Training stories show that the outer-inner alignment breakdown is not fundamental; we could have a training story that doesn’t attempt to specify an objective that is desirable to optimize, and doesn’t attempt to train a model to optimize the specific objective, and that model could perform desirable behavior.
- I enjoyed skimming this post on the topic

Do training stories capture all possible ways of addressing AI safety?

Training stories are pretty general, but no. They can’t handle things like the following:
- Proposals for building safe AGI without a training step (e.g. non-ML stuff like explicit hierarchical planning)
- Proposals to build safe AGI that attempt to develop confidence in the safety of the final model without a mechanistic story for what it is doing
- Proposals to reduce AI X-risk that don’t involve building safe AGI (e.g. persuading AI researchers not to build AGI because it is dangerous)

In The Plan − 2022 Update, John Wentworth says:

I expect we’ll also see more discussion of end-to-end alignment strategies based on directly reading and writing the internal language of neural nets.… Since such strategies very directly handle/sidestep the issues of inner alignment, and mostly do not rely on a reward signal as the main mechanism to incentivize intended behavior/internal structure, I expect we’ll see a shift of focus away from convoluted training schemes in alignment proposals.

It’s not clear to me whether interventions like “reading and writing the internal language of neural nets” are supposed to fit within training stories. John does seem to be suggesting that the main part of these alignment proposals is not how the models are trained.
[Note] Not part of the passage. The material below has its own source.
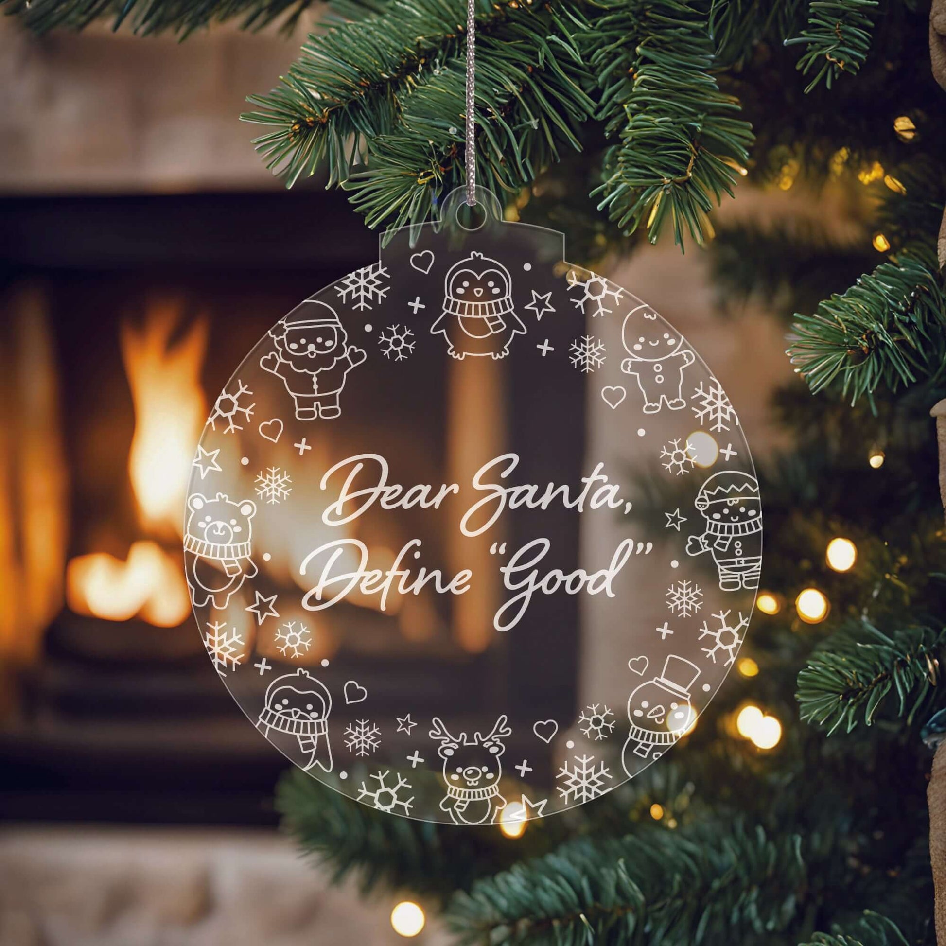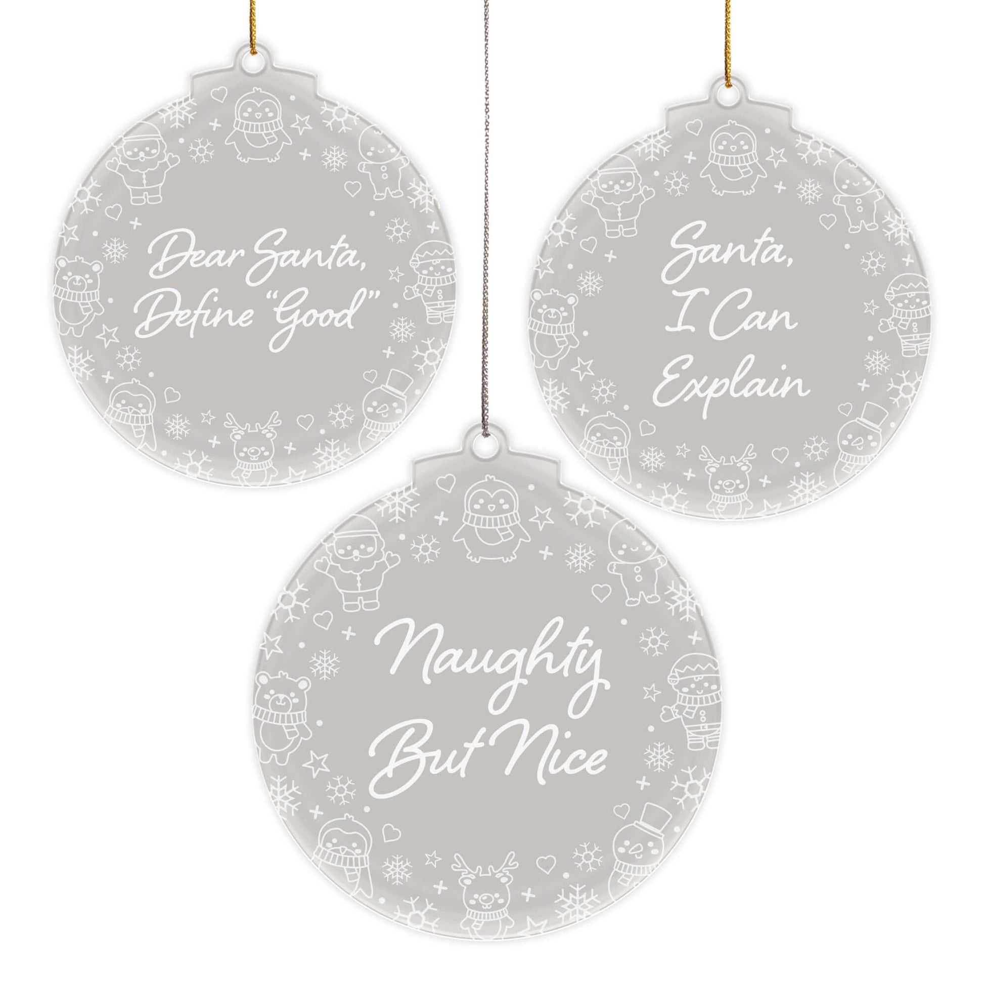 🎄 Set of 3 Ornaments – Features three uniquely engraved baubles with festive sayings: Dear Santa, Define “Good”, Naughty But Nice & Santa, I Can Explain.

Evaluating proposals for building safe advanced AI

We’ve seen how training stories are constructed, but how should we evaluate a training story? 4 criteria for AGI training stories (not all training stories):
1. Training goal alignment: Are all models that meet the training goal good for the world?
2. Training goal competitiveness: Are models that meet the training goal competent enough to not be surpassed and obsoleted by other models?
3. Training rationale alignment: Would the training setup actually produce a model that meets the training goal?
4. Training rationale competitiveness: Is it feasible to implement the described training setup? (Possible reason why not is “requires much more compute/data than alternate training setups.”)

Case study: Microscope AI

Training setup:
- (Evan includes the training setup within the training story (specifically the rationale), but it seems to me like the proposal is the proposed training setup, and then the training story needs to be told about the setup?)
- Self-supervised learning on a large diverse dataset, while using transparency tools during training to check that the correct training goal (see below) is being learned.
Training story:
- Goal: Get a purely predictive model that uses human-understandable concepts for prediction.
  - No internal optimization
  - Once we have this model, we can use interpretability tools to figure out how it is predicting, and we can gain insights that humans can learn from and utilize for improved decision-making.
- Rationale:
  - Hopefully, the simplicity biases push self-supervised learning to learn a purely predictive model that doesn’t perform optimization, and that uses human-understandable concepts.
  - The transparency tools are mainly for catching dangerous agentic optimization and halting the training process if such processes are found.
Evaluation:
- Goal alignment: Whether or not a pure predictor is safe is more complicated than it may seem, due to self-referential things. The exact way the goal is specified may be able to rule out these concerns.
- Goal competitiveness: Couple factors to consider here.
  - Interpretability tools need to be capable of extracting actually useful info from the model. This might not work, especially if we want info for effective sequential decision-making while the model was just a pure predictor.
  - This requires that humanity is ok with not building useful agentic systems, and improved understanding and decision-making are enough.
    - I kind of doubt that improved understanding and decision-making are enough.
- Rationale alignment:
  - Would self-supervised learning actually produce a pure predictor? One cause for concern is that the world includes optimizers (such as humans, at least sometimes), and we would want this predictor to be capable of making predictions about what those optimizers will do. Training a model to be able to internally model optimizers well enough to predict them may just cause the model to learn to optimize internally.
  - Using transparency tools to prevent the model learning optimization (by throwing out models that are found to be optimizers, or by training against the transparency tools) could be bad, as it may result in deceptive optimizers which fool the transparency tools.
  - The model is also supposed to use human-understandable concepts, which may not work given that cat classifiers don’t use human-like visual heuristics. Maybe human-like-abstraction-use looks like this, which is good near AGI and bad for superintelligence:
- Rationale competitiveness:
  - Self-supervised learning is a dominant ML paradigm, so pretty competitive. Using transparency tools might slow things down and reduce competitiveness; advancing automated interpretability would help.
This is a better analysis of Microscope AI than the one in 11 proposals, because instead of trying to evaluate it according to outer alignment and other concepts that don’t really apply, the proposal is evaluated on its own terms.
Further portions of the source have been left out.